Republican led school reform in red states is not immune to the anti-multicultural stance of Miller’s DEI rhetoric, which likewise implies that cultural inclusivity, including discussions about systemic racism in the classroom, should be interpreted as a form of ideological indoctrination, that is to say, of "anti-white discrimination." And, as a way to justify it’s plan to enact what many see as unconstitutional changes to the public education system (including biblical indoctrination in public schools), Trump’s unorthodox, policy statement on education deploys the same DEI, "anti-woke" narratives to demonize teachers as a homogeneous group of “radical Marxists maniacs;” and “sinister” “zealots who have infiltrated the federal Department of Education” and who, disinterested in education, are preoccupied with a uniform agenda to secretly turn their students into lesbians and transexuals; with indoctrinating elementary students with “Marxist and gender theory ideology” and “Critical Race Theory” (which is not taught in k-12 schools).
While we have no proof that the goal of k-12 teacher's "multicultural agenda" aims to systematically indoctrinate students with transsexuality and Marxism, GOP officials (many in the Trump administration) have clearly stated how they plan to use schools as an instrument for the indoctrination of biblical christianity and Christian Nationalist principles, which is unconstitutional.

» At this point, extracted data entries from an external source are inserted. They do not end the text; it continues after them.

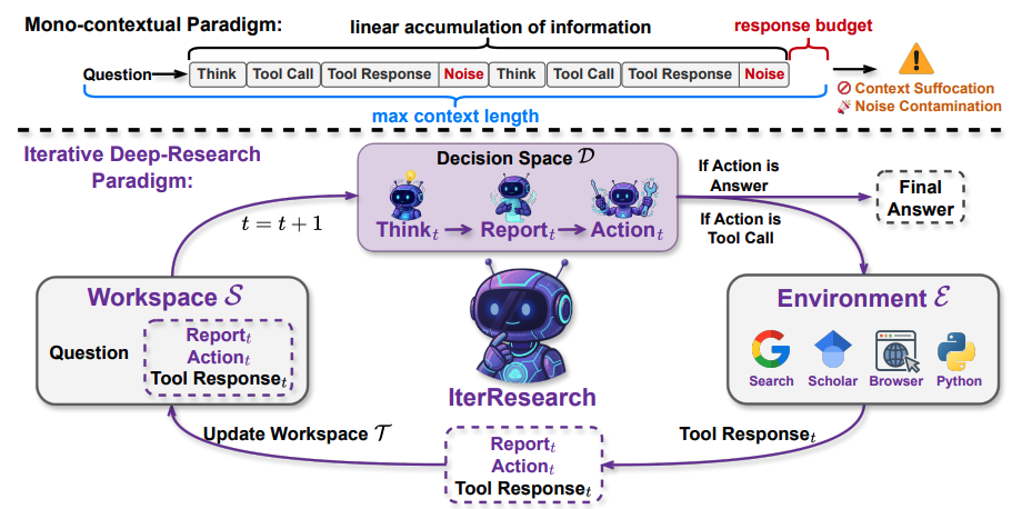 'IterResearch'๋ ์ฅ๊ธฐ ํ์(long-horizon) ๋ฆฌ์์น ์์ด์ ํธ๊ฐ ๋จ์ผ ์ปจํ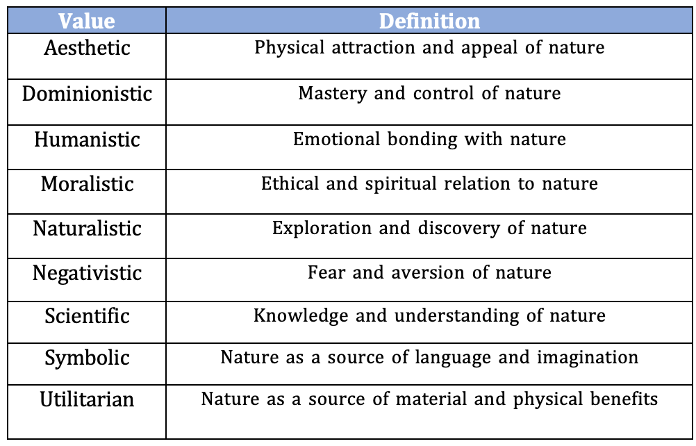 These relationships are directly related to the typology of the 9 biophilic values, which are as follow: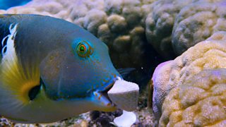 The tusk fish opens clams in its 'special kitchen'.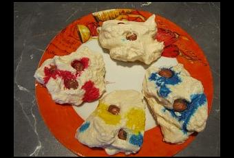 Montez les blancs en neige. Aux 2/3, incorporer le sucre. Sur une plaque recouverte de papier sulfurisé, déposer des petits « tas » de meringue dans lesquels vous déposerez 2 ou 3 noisettes entières. Laisser tomber une goutte de colorant alimentaire sur les meringues.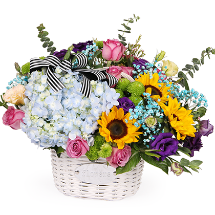 • 【夏日花园】9支精品紫玫瑰、1支蓝色绣球、3支向日葵、4支多头紫色洋桔梗、2支香槟色洋桔梗,搭配蓝色满天星、绿色小雏菊、尤加利叶,一朵蝴蝶结装饰花面。

Movements to implement this motion have been formally adopted by many red states (Tennessee, Texas, and Louisiana among others). In Texas, the state school board voted to approve a new K-5 curriculum that introduces students to a literalist understanding of Christianity that confuses history with religion. And it should come as no surprise that their policy statements on education mirror the Heritage Foundation’s self-described intent to “embed religious doctrine into almost every part of U.S. law;” and government.

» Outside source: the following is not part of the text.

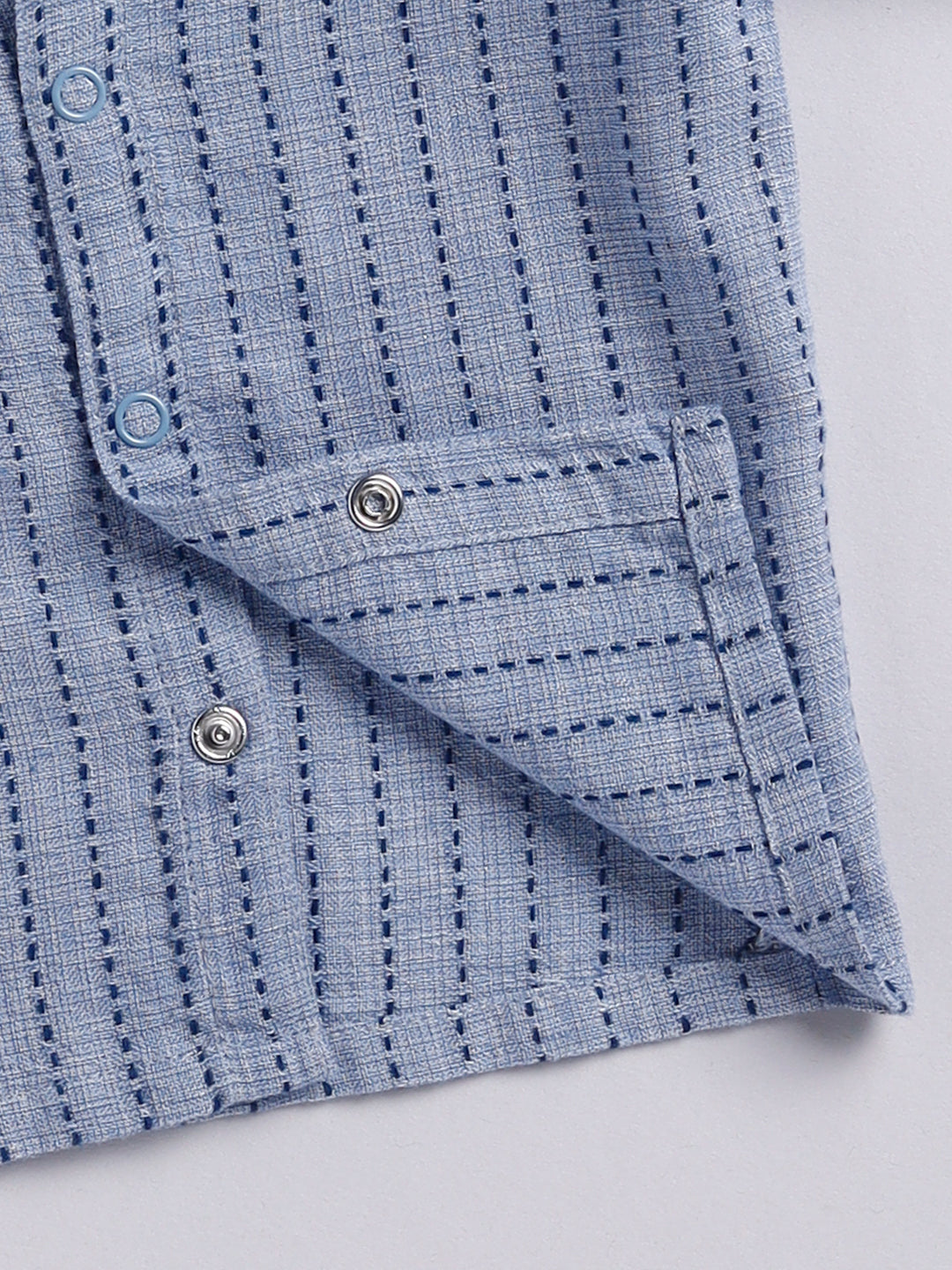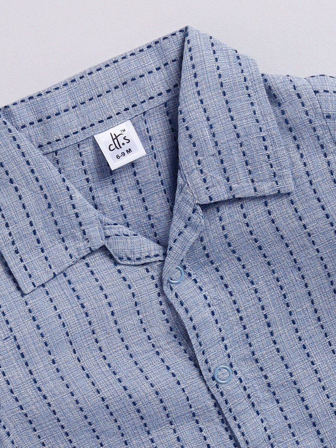 Printed Delight: Featuring fun and colorful prints, this nightwear set is sure to make bedtime exciting. Made from soft cotton, it ensures a comfortable and cozy sleep. The Blue Full sleeve Night Suit is made of 100% Cotton and has a Shirt Collar with Striped print

“Every accusation is a confession,” has become a popular meme to describe the GOP’s attacks on their enemies. Reductive as it is, the phrase makes sense of the role that ideological fantasy plays in the construction of real-life policy decisions, or to put it more simply, the way that ideological “projections” serve to frame and stabilize sense-making practices. No party can lay claim to the notion of a “pure” or “post-ideological” world-view, and yet the MAGA party—whose identity is grounded on the mythical return to a utopian, unidentifiable, past—have made historically brazen use of fantasy as the very basis of it’s political rationale, something exemplified in its accusation that its political enemy is using DEI in education (as in other fields) to delete and replace white people and heterosexuality—particularly heterosexual men, and to weaponize history as a form ‘anti-white discrimination’. This fantasy then becomes an effective, “sense-making” rationale to justify radical reform, like the current wave of biblical and Christian Nationalist indoctrination in public schools, which is contrary to our historical and constitutional understanding of the principles of religious freedom.

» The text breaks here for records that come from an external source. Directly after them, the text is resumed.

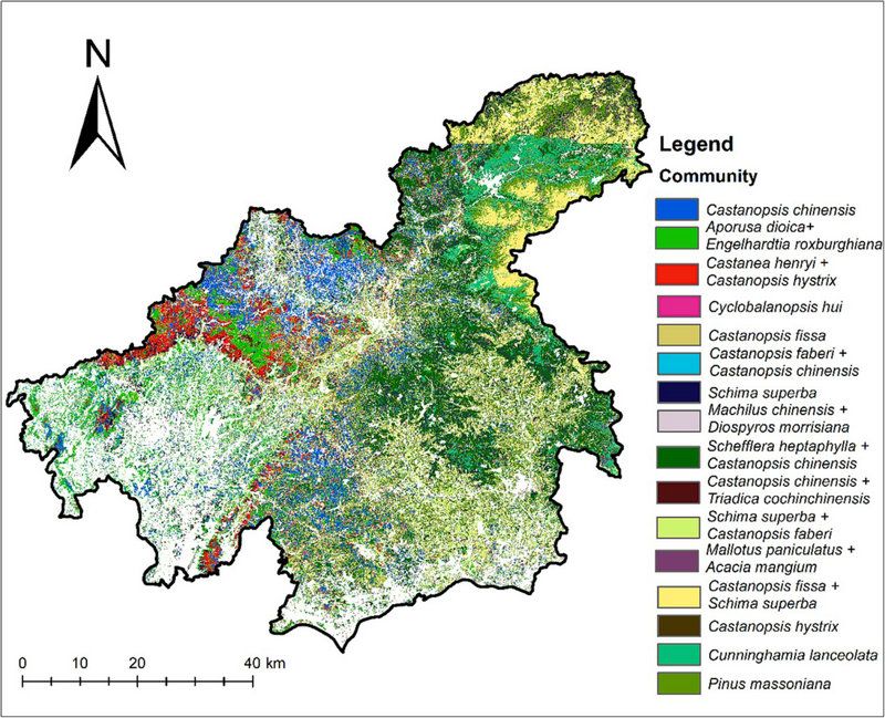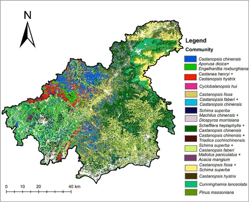 森林是地球陸地上最主要的自然生態(tài)系統(tǒng)類型。森林覆被格局的現(xiàn)狀是歷史過程的結(jié)果。受自然和人為因素的影響,區(qū)域性的森林景觀及結(jié)構(gòu)總是處于不斷變化的動態(tài)過程。無論是在全球性還是區(qū)域性的范圍內(nèi),森林覆被的變化與環(huán)境變化之間都存在著復(fù)雜的非線性動態(tài)反饋關(guān)系。因此,重建歷史森林景觀的格局,建立長時間序列的森林景觀圖譜,對于研究森林對生態(tài)環(huán)境的影響及其對氣候的響應(yīng)機(jī)制具有重要意義。目前國際上大多數(shù)重構(gòu)研究采用的算法較為簡單,獲取的空間分布信息分辨率不高,精度驗(yàn)證結(jié)果不甚理想。針對這一問題,余世孝教授課題組聯(lián)合了中國林業(yè)科學(xué)研究院李意德和周璋研究員、中國科學(xué)院華南國家植物園曹洪麟研究員以及華南農(nóng)業(yè)大學(xué)唐光大教授等課題組,在對廣州市北部地區(qū)森林植被進(jìn)行大范圍調(diào)查的基礎(chǔ)上,結(jié)合遙感判別和聚類分析方法對該區(qū)域的主要森林群落進(jìn)行劃分,基于氣象因子、地形因子、與各個土地利用類型的最近距離、回溯起始年份的森林群落空間分布數(shù)據(jù)等要素,結(jié)合AdaBoost算法(用弱分類器的線性組合構(gòu)造強(qiáng)分類器)改進(jìn)的人工神經(jīng)網(wǎng)絡(luò)(Artificial Neural Network,ANN)和自然林地的分布關(guān)系,創(chuàng)建了一個基于元胞自動機(jī)(Cellular Automaton,CA)的空間演化模型來重建歷史森林的空間格局,使用CA-AdaBoost-ANN對廣州市北部地區(qū)的2000年和1990年的森林群落進(jìn)行重建(圖1和圖2),且與廣州市北部地區(qū)森林群落的實(shí)際分布有很高的吻合度。研究文章所提出的CA-AdaBoost-ANN模型能揭示外部環(huán)境和演替內(nèi)因驅(qū)動下的歷史森林格局,特別是能在種群和群落水平上重建歷史時期的森林景觀圖譜。研究結(jié)果可為森林經(jīng)營管理提供理論依據(jù),也為預(yù)測未來森林格局演變提供了有效手段。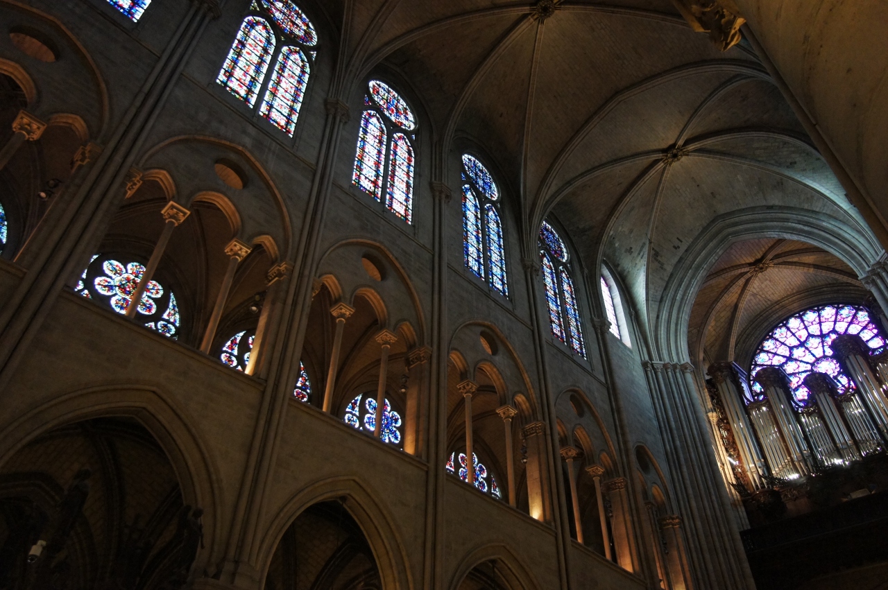 見上げる天井がとても高くて、そしてなんといってもステンドグラスの規模が違います。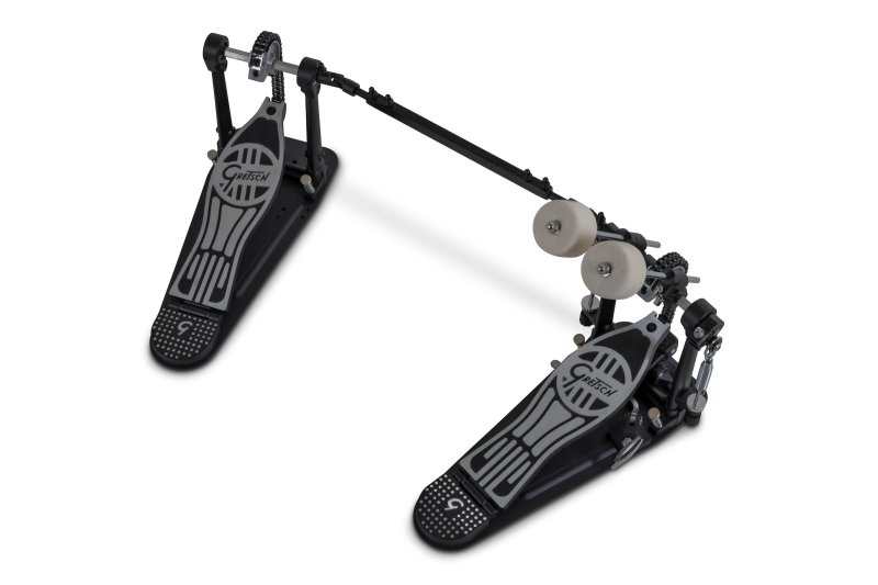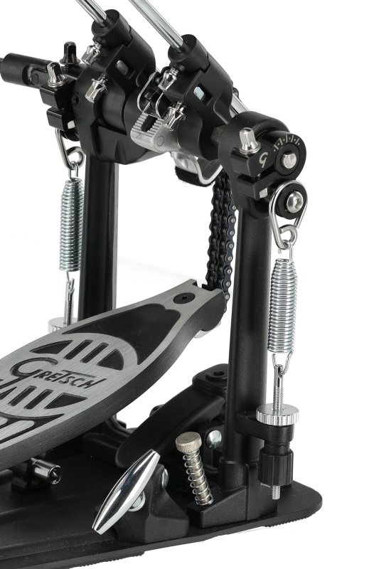 Equipped with robust double chain drives, it ensures optimal durability and smooth, respon-sive action. The Easy Glide GRETSCH footboards on both pedals enhance playability, allowing effortless footwork, while the hinged heelplate offers added comfort during long performances.

As commenters in this community have written in the past, the community of this sub is centered around obsession with identity politics in an aesthetic/performative way. Anyone who actually cares about the abuse of "identity politics" isn't upset that people are talking about them, they're upset that those struggles are being cheapened, co-opted, and watered down by liberalism. Stupidpol's anger isn't about these facts, nor it it about the fact that LGBTQ and women’s struggles are being co-opted by capitalists, it's about the very existence—and validation of—those struggles and demands.